Education is not
the filling of a pail,
but the lighting of a fire.
Plutarch
I just read an article about the cost of giving a child a
Jewish education. I read over the chart listing the tuition of Jewish day schools and then
multiplied these enormous sums by the number of children born to families who send
kids to these schools.
Based on having five children, the size of an average modern
Orthodox Jewish family, I came up with
$100,000 per family per year. If you live in Manhattan, you could spend as much as $40,000 as year to send your child off to grade one. These
figures are, I imagine, similar to the prices of a Jewish day school education in
Canada. Correct me if I am wrong.
portion of the recently published chart |
I fall off my seat because, guess what? Jewish education in
Israel is free! Our salaries may be lower and our grocery bills higher; our
vacation bills are most likely lower (with heat and Mediterranean beaches close
by, who needs to escape to the sun?) and gasoline is higher. Thankfully, the
quest for acquiring is lower here.
Our cars are dented and scratched. We do not fix them, preferring to hang onto them for well over a decade. Most of us live in apartments and we hand
our clothes, schoolbooks and furniture down to the next in line. It’s a kind of
Israeli recycling.
All in all, life here is less expensive and less overflowing
with peripheral stuff that is distracting. Now back to school.
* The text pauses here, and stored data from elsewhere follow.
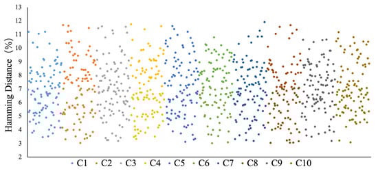 The reusable fuzzy extractor used in this paper is the digital locker based on the Sample-then-Lock proposed by Canetti et al. []. They design the first reusable fuzzy extractor without presumptions regarding the correlation between different sources. The extractor provides computational security within the digital lockers and can handle binary strings with near-linear error rates with Hamming noise. It is guaranteed that R can be fully recovered, meaning the recipient will obtain a perfectly identical copy of R, on condition that the Hamming distance between w and is less than the maximum number of correctable errors.
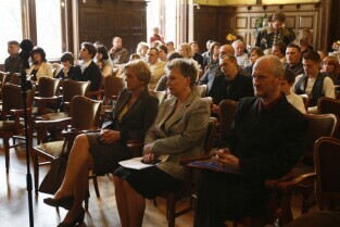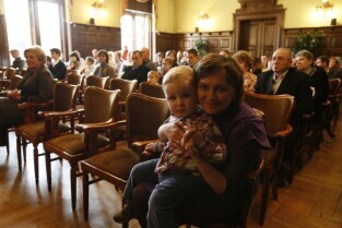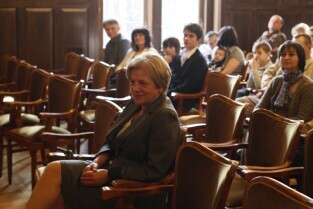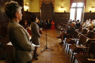 Gdańsk, Nowy Ratusz. Coroczne spotkanie repatriantów, którzy osiedlili się w Gdańsku na zaproszenie władz miasta. W spotkaniu wzięła udział Sekretarz Miasta Danuta Janczarek
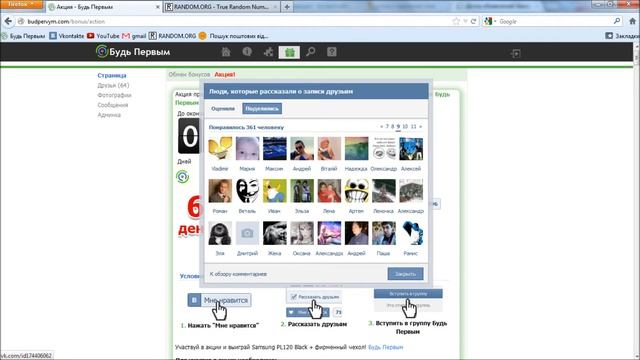 Будь Первым - социальная сеть новых возможностей. http://budpervym.com http://vk.com/budpervym https://twitter.com/budpervym Как будет проходить акция? - Акция состоит из 14 дней(туров). Каждый вечер будет определяться один из 14 финалистов акции, а видео определения будет выставлено в группе и на сайте. Каждому финалисту будет назначен номер ( от 1 до 14). Номер финалиста будет соответствовать дню акции(если 7 день акции, то финалист под номером 7). В финале акции среди 14 человек будет определен один, который и станет победителем!
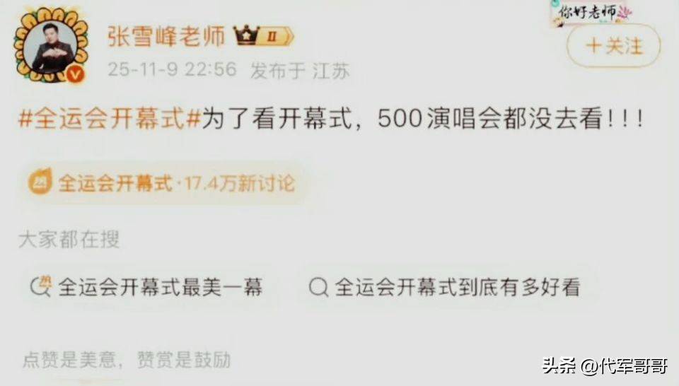 11月9日,张雪峰在微博发布了关于全运会的动态,配图为电视转播画面,表示“错过了伍佰的演唱会,下次一定补上”。然而,现场视频却显示,他正坐在演唱会的观众席上。这条微博在发布仅一小时后便被紧急删除,删除记录迅速被网友截图,质疑声随之而起。网友们纷纷表示,“撒谎避嫌”的行为令人难以理解。
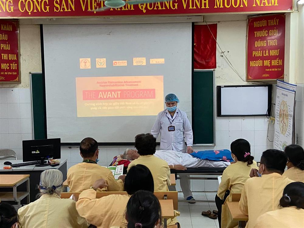 Ngày 8/10/2020 vừa qua, tại bệnh viện 103 đã diễn ra lớp tập huấn phuc hồi chức năng sau đột quỵ dành cho người chăm sóc bệnh nhân trong khuôn khổ chương trình AVANT với sự tham dự của người chăm sóc và người nhà bệnh nhân đột quỵ.
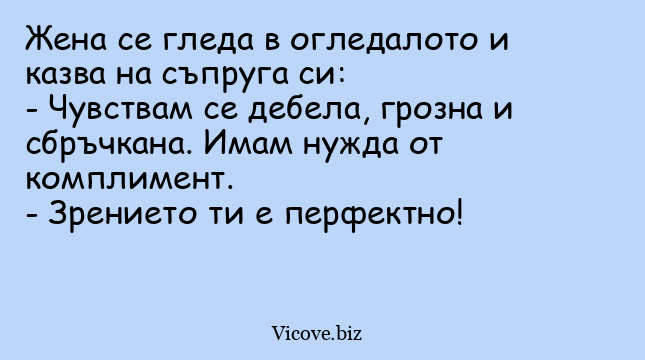 - Чувствам се дебела, грозна и сбръчкана. Имам нужда от комплимент.
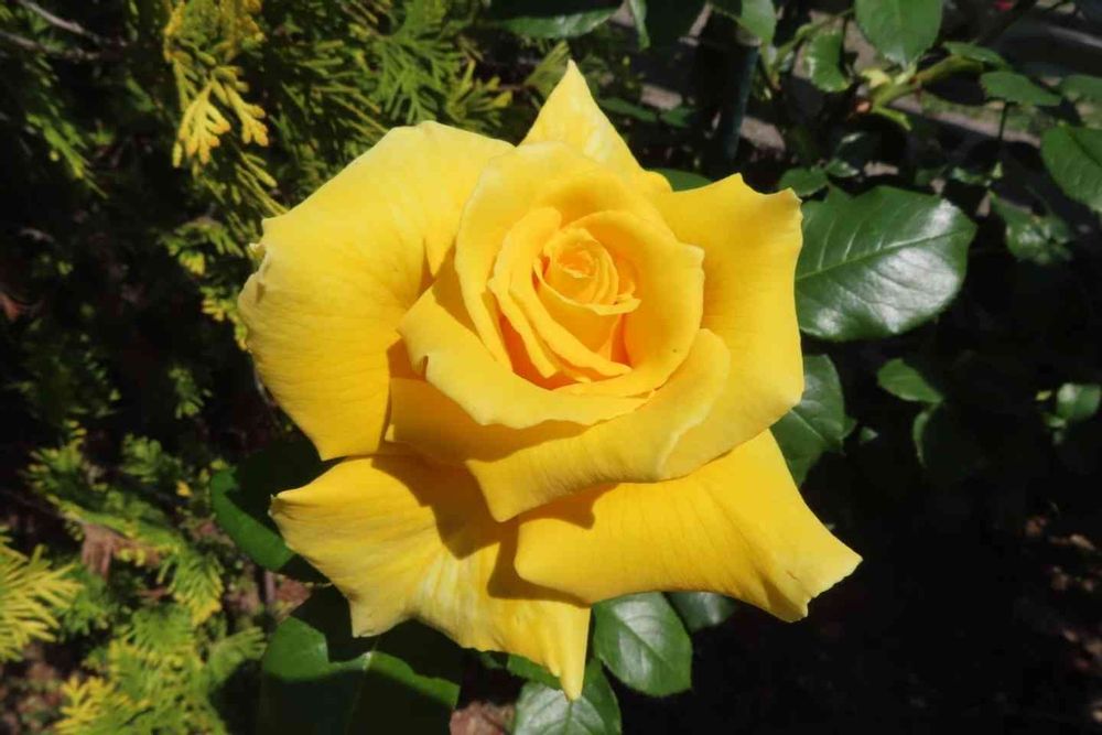 鮮やかな黄色のバラの花も

School in Israel is not exactly a discipline. As our cars, the classrooms are not fancy. The classes
are oversized, bulging at the seams. The kids are irritating, rambunctious, chutzpadik and the teachers
cannot control their students. On top of this, the Israeli school curriculum, tangled by bureaucracy and egos, seems to change as often as
Americans go out for fast food.
Yet what really is education? Is it all about many hours of
cramming, stressing out our children, making them competitive and then bragging
about their degrees and high salaries so they can acquire stuff?
Israeli children run amuck in schools (that are free) yet
somehow end up earning Nobel prizes, inventing and investing in technology and
improving the world. Their education
gives them a sense of confidence, team spirit and ignites their souls. The army that
follows high school, along with national service, enables them to be leaders and aids them to
contribute to society in meaningful ways.
Moreover, Israeli children, by default, grow up in a Jewish
world where the majority of the population (secular and Jewish) learns Torah in
school (that is free), celebrates the Jewish holidays and marries Jewish.
This, I feel, is the better investment for the Jewish people.
So why not invest our Jewish families’ futures
in Israel instead of pouring our life savings into the pails of Jewish schools abroad?
Is life all about 'stuff' or lighting a fire?